Education has been hit hard by the COVID-19 pandemic, and a record number of children are not attending schools due to lockdowns and social distancing protocols in effect around the world. The crisis has also laid bare the many inequities and inadequacies in existing education systems, especially in South Asia.
We spoke with Nishant Pandey, the CEO of American India Foundation (AIF), and Rumee Singh, the Founder of Katha4Nepal — two distinguished organizations that have accomplished remarkable work in the field of education delivery during the pandemic.
Pandey and Singh will take part in our upcoming seminar on November 11, Models of Innovation: Education in South Asia, alongside other panelists from the region. Together, they’ll illustrate how the shared challenge of quality and access in education can be mitigated through partnership, research, and resilience.
Nishant Pandey: Providing Education in Times of Migration in India
As the CEO of American India Foundation (AIF), Nishant Pandey has extensive knowledge on the challenges and successes of education delivery in India. Through the Learning and Migration Program (LAMP), AIF is working to address the issues that migrating families in India face when children are moved away from their homes and unable to attend school.

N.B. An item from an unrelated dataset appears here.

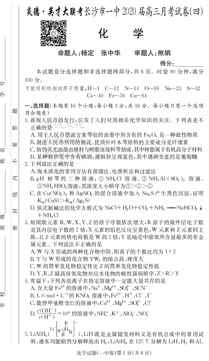 下一篇:【理數】炎德英才大聯考2020屆長沙市一中高三4次月考

Can you share a little about AIF’s Learning and Migration Program (LAMP)?
Despite economic growth, there are still many places in India that are home to extreme poverty. Every year, millions of people across India are forced to migrate for six to seven months a year to find work at survival wages at distant places. And, in a lot of cases, entire families migrate. This means that around 15 million children move away from their homes to hazardous worksites, like brick kilns and salt panes, and do not attend school. To address this critical issue of child migration, the AIF started the Learning and Migration Program (LAMP) in 2004.
LAMP works in eight states in India and, by definition, operates in highly underserved, very remote districts, ridden with the phenomenon of distress seasonal migration. Seasonal migration undertaken by the family has a multiplicative effect on children, as they are forced to drop out of schools in order to accompany their parents to migration sites, and therefore end up engaging in hazardous manual labor. Ensuring children go to school and complete their education is the only way to enable them to have a different future.
LAMP universalizes access, retention, and quality learning in migration-prone villages. The objective is to retain children of migrant families in the school net, ensure that they develop strong foundational learning skills at the primary stage, and enroll in and eventually complete schooling. It further aims to reduce absenteeism and drop-out in schools by preventing the migration of children through the model of “Access – Learning – Governance – Complete schooling cycle.”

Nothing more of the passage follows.